Dallas HEXTELL looked like any other healthy toddler when he appeared on the "Today" show on March 11 -- walking, clapping, laughing, waving to his mom.
But just nine months earlier, cerebral palsy had kept Dallas, now 2, from crawling, sitting up or reaching other milestones of child development.
Dallas' parents attribute his remarkable improvement to an experimental treatment using an infusion of his own umbilical-cord blood, saved at the wish of his parents in a private bank at his birth.
But cerebral palsy and stem cell experts warn that no one knows yet just how well the treatment has worked or whether it will work for others with his condition.
"We would love for research like this to put us out of business," said Dr. Dara Richardson-Heron, national medical director for United Cerebral Palsy. But until more research is done, she said, "it's important to be cautiously optimistic."

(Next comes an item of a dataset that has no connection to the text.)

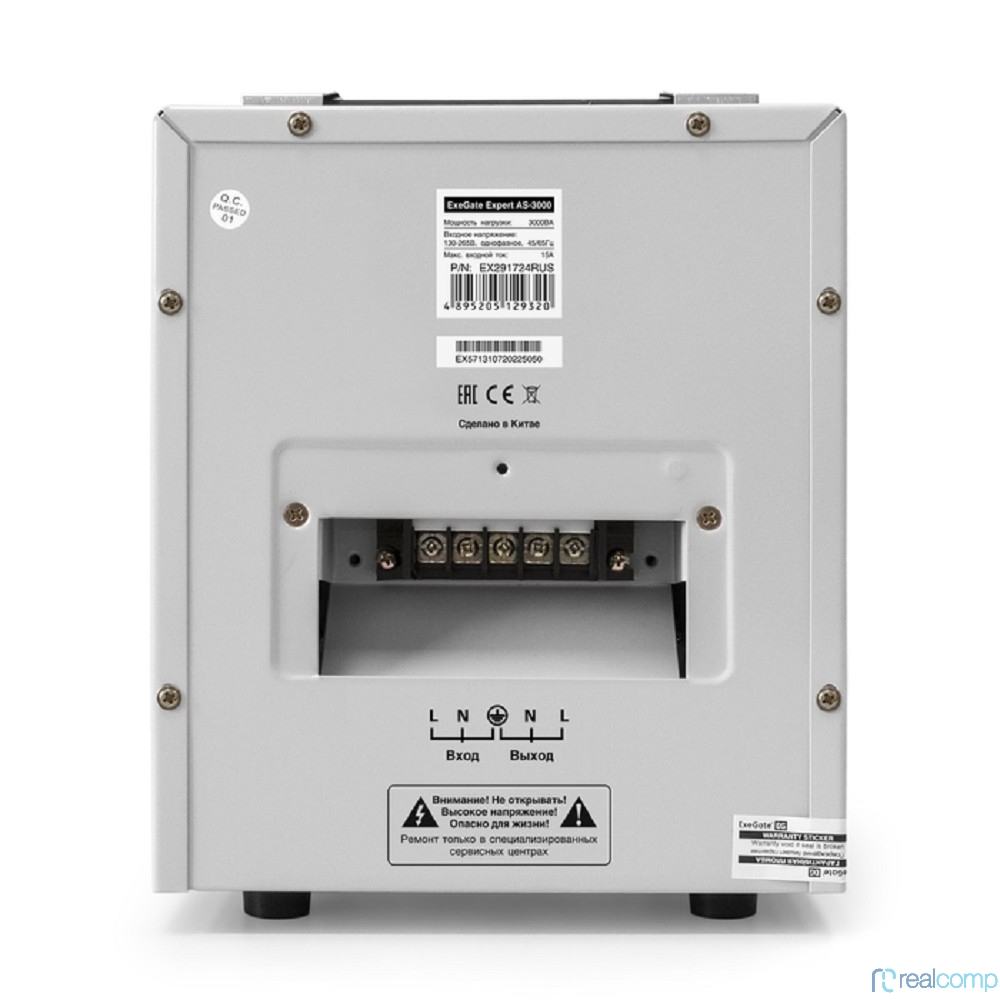 Exegate EX291724RUS Стабилизатор напряжения ExeGate Expert AS-3000 (3000ВА, вход 140...260В, двойная цифр. индикация вход/вых. напряжения, выход 220В±8%, КПД 98%, 5 уровней защиты, метал. корпус, клем

About one of 278 children in the United States has cerebral palsy, a motor disability caused by brain damage.
The biggest risk factors for the condition are prematurity, an infection of the amniotic fluid and oxygen deprivation during gestation or birth.
Cord blood has been used with great success as an alternative to bone marrow transplantation to treat cancer and blood disorders such as sickle cell anemia. It can also be used to treat a class of rare but fatal inherited metabolic disorders called lysosomal storage diseases.
But evidence that the stem cells that reside in this blood can travel throughout the body and incorporate into organs fuel the hope that their use can someday be expanded to the regeneration of many damaged tissues.
This hope has led to an increasing interest by parents to save their child's cord blood in private, for-profit banks, as Dallas' parents did.
Dallas was treated as part of a clinical trial at Duke University and is one of 12 children with cerebral palsy who has undergone the procedure so far. The trial is based on animal studies in which cord-blood cells injected into rabbits with a cerebral palsy-like condition traveled to the brain and lessened symptoms, in some cases preventing them altogether. The trial will ultimately study 40 children, tracking each child's progress for two years.